Dataset items
»»

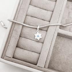 Berloque pingente floco de neve detalhe zircônia azul 11mm | Mya Prata
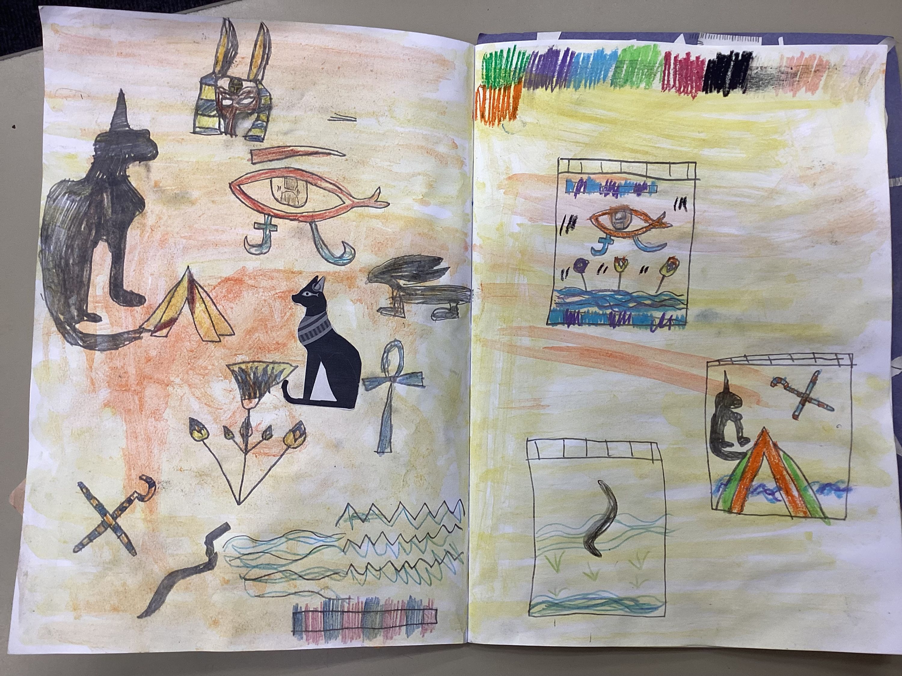 In Art we have been sketching ideas for our own scroll inspired by traditional Egyptian art, exploring the symbols, colours and storytelling style used by ancient artists.
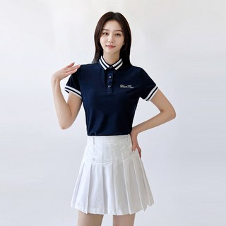 ✅9. 다운블로우 여자 골프웨어 배색 라인 카라 반팔 티셔츠 95012
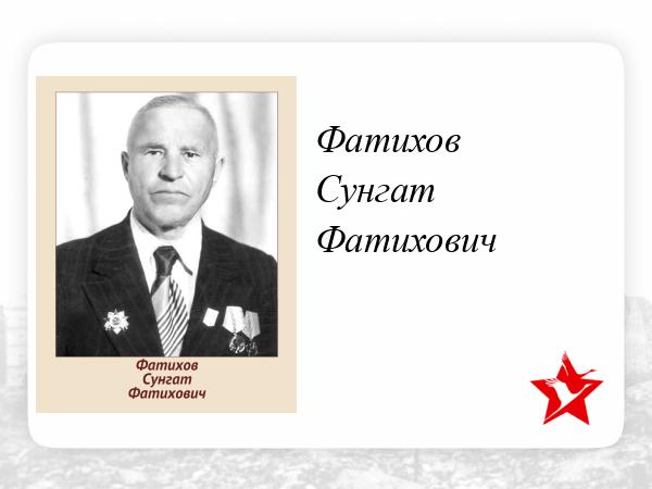 Фатихов Сунгат Фатихович родился в 1926 году в деревне Верхний Куюк Арского район Тат.АССР. Когда началась Великая Отественная Война Фатихову Сунгату Фатиховичу было 15 лет. В период одной из последний мобилизаций, его зачислили в ряды Красной армии. Он выдержал все тяготы и невзгоды военного времени. В 1943 году получил серьезное ранение ноги и был демобилизирован. Фатихов Сунгат Фатихович был награжден орденом Отечественной войны II степени и медалями за отвагу.
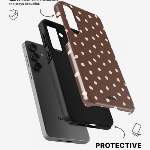Meet the Tough Case for Samsung Galaxy A54 5G in the pattern: Choco Dots. Strong on the outside, soft on the inside. This case is made to protect your phone from daily drops, scratches and surprises while keeping it stylish.
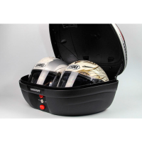 El baúl para moto S48 es de gran capacidad con suficiente espacio como para alojar dos cascos integrales en su interior por lo que resulta perfectamente adecuada para realizar viajes largos o rutas en compañia. Recuerda que aunque se incluye una parrilla universal para su instalación es posible que si tu moto no lleva portaequipajes necesites soportes adicionales; en tal caso consúltanos.
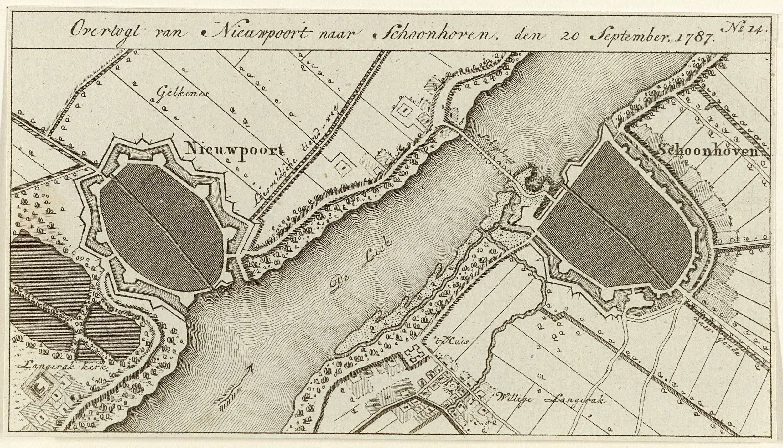 Kaart met de ligging van de schipbrug waarmee de Pruisische troepen bij Schoonhoven en Nieuwpoort de rivier de Lek zijn overgestoken op 20 september 1787. Onderdeel van een groep van veertien genummerde kaartjes van de kampementen van de Pruisische troepen tijdens de interventie in de Nederlanden in september 1787.

««

§ Work request
All entries above should be printed exactly, though without their pictures.

§ Written answer
 Berloque pingente floco de neve detalhe zircônia azul 11mm | Mya Prata
 In Art we have been sketching ideas for our own scroll inspired by traditional Egyptian art, exploring the symbols, colours and storytelling style used by ancient artists.
 ✅9. 다운블로우 여자 골프웨어 배색 라인 카라 반팔 티셔츠 95012
 Фатихов Сунгат Фатихович родился в 1926 году в деревне Верхний Куюк Арского район Тат.АССР. Когда началась Великая Отественная Война Фатихову Сунгату Фатиховичу было 15 лет. В период одной из последний мобилизаций, его зачислили в ряды Красной армии. Он выдержал все тяготы и невзгоды военного времени. В 1943 году получил серьезное ранение ноги и был демобилизирован. Фатихов Сунгат Фатихович был награжден орденом Отечественной войны II степени и медалями за отвагу.
Meet the Tough Case for Samsung Galaxy A54 5G in the pattern: Choco Dots. Strong on the outside, soft on the inside. This case is made to protect your phone from daily drops, scratches and surprises while keeping it stylish.
 El baúl para moto S48 es de gran capacidad con suficiente espacio como para alojar dos cascos integrales en su interior por lo que resulta perfectamente adecuada para realizar viajes largos o rutas en compañia. Recuerda que aunque se incluye una parrilla universal para su instalación es posible que si tu moto no lleva portaequipajes necesites soportes adicionales; en tal caso consúltanos.
 Kaart met de ligging van de schipbrug waarmee de Pruisische troepen bij Schoonhoven en Nieuwpoort de rivier de Lek zijn overgestoken op 20 september 1787. Onderdeel van een groep van veertien genummerde kaartjes van de kampementen van de Pruisische troepen tijdens de interventie in de Nederlanden in september 1787.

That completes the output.